Rooting Out Page-Load Problems
One recent event brought many sites to their knees: the death of pop icon Michael Jackson. Akamai reported an 11 percent spike in Internet traffic worldwide in the hour the news was breaking. 1Adotas.com, “Ad Networks, Not Websites, Choked on Michael Jackson News,” by Edward Barrera, July 1, 2009 Major news outlets that are followed in the Keynote Performance Index saw their availability plummet as low as 10 percent. The Los Angeles Times, Jackson’s hometown news site, had significant problems.
Analysis revealed, however, that in a number of cases, it was not the site’s inability to handle the surge of traffic, but rather the inability of the third-party servers delivering ads to the sites to keep up with the demand. Pages froze as they waited for the ads to load. And users had to wait for their news, if they got it at all.

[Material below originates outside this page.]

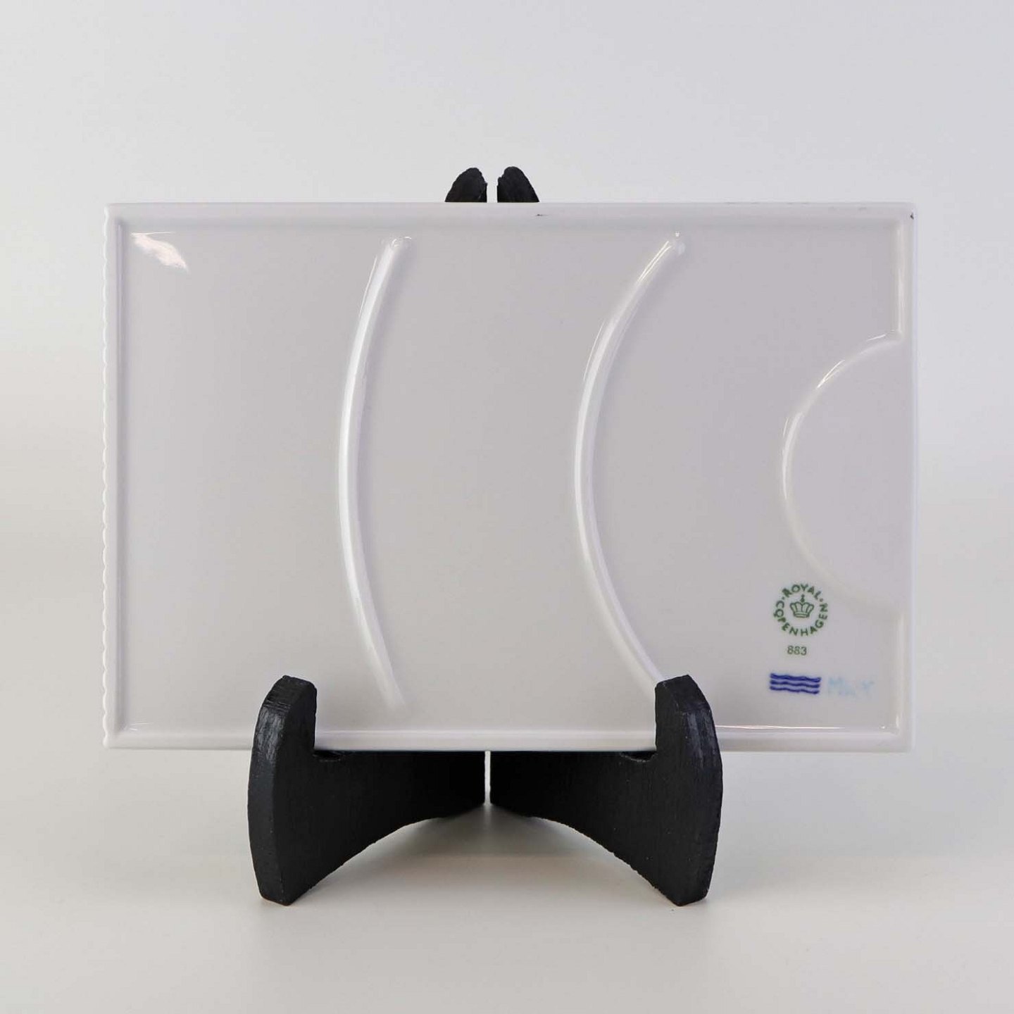 Beskrivelse: Smørrebræt med turkis mønster i kongeligt porcelæn fra stellet Multifarvet Elements. Nr. 883
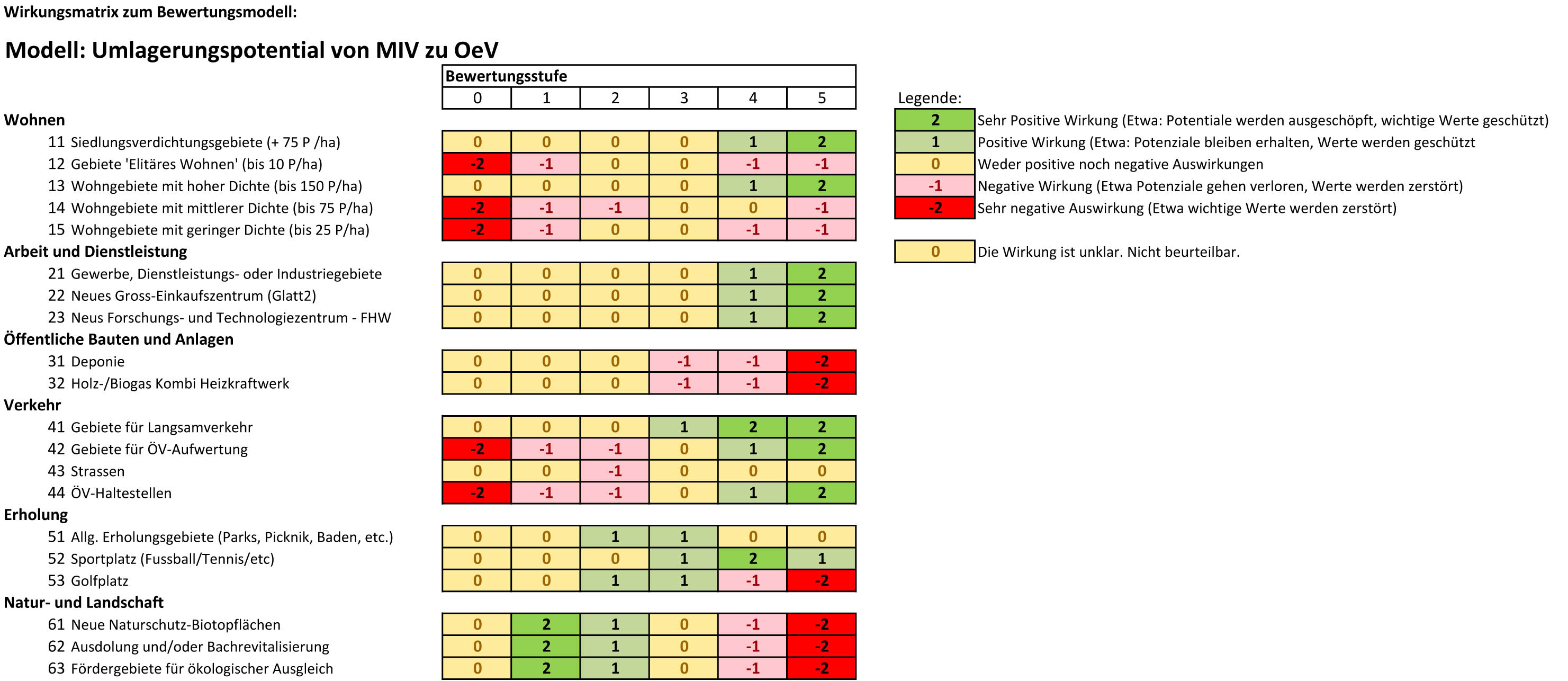 Die Schwierigkeit dieser Wirkungsmatrix ist es, dass keine Werte mit "no Data" eingefügt werden können. Ein Vergleich der Daten ist somit nur bedingt möglich. Grundsätzlich müsste das Gebiet weiter in funktionale Räume unterteilt werden. In diesen Teilräumen könnten dann wiederum sehr konkrete Aussagen über die Qualität der Planung gemacht werden.

The Michael Jackson story is a dramatic example, but third-party content can eat away at site performance every day. Ads can be notoriously slow to load, but ads are not the only culprit. Twitter feeds, linked content from other sites, page assets delivered by content delivery networks, even Google analytics embedded in pages — all can slow a site down to uncompetitive, if not unacceptable levels.
You can’t have a media site without video, and apparently, if a little video is good, a lot of video is better. It’s the heart and soul of entertainment sites. It’s de rigueur for the broadcast news networks. And the Web has given traditional print journalism brands the opportunity to compete on broadcast journalism’s video turf. New technology has made it almost as easy to shoot, edit and post a video online as to prepare a written story with accompanying photos. Online media sites, with help from YouTube, have enabled a mass Web audience that prefers to watch rather than read.
There’s also no faster way to lose an audience than with a video stream that stutters and constantly stops to rebuffer. But again, monitoring streams from multiple servers or domains, and understanding actual end-user performance, is a significant test and measurement challenge.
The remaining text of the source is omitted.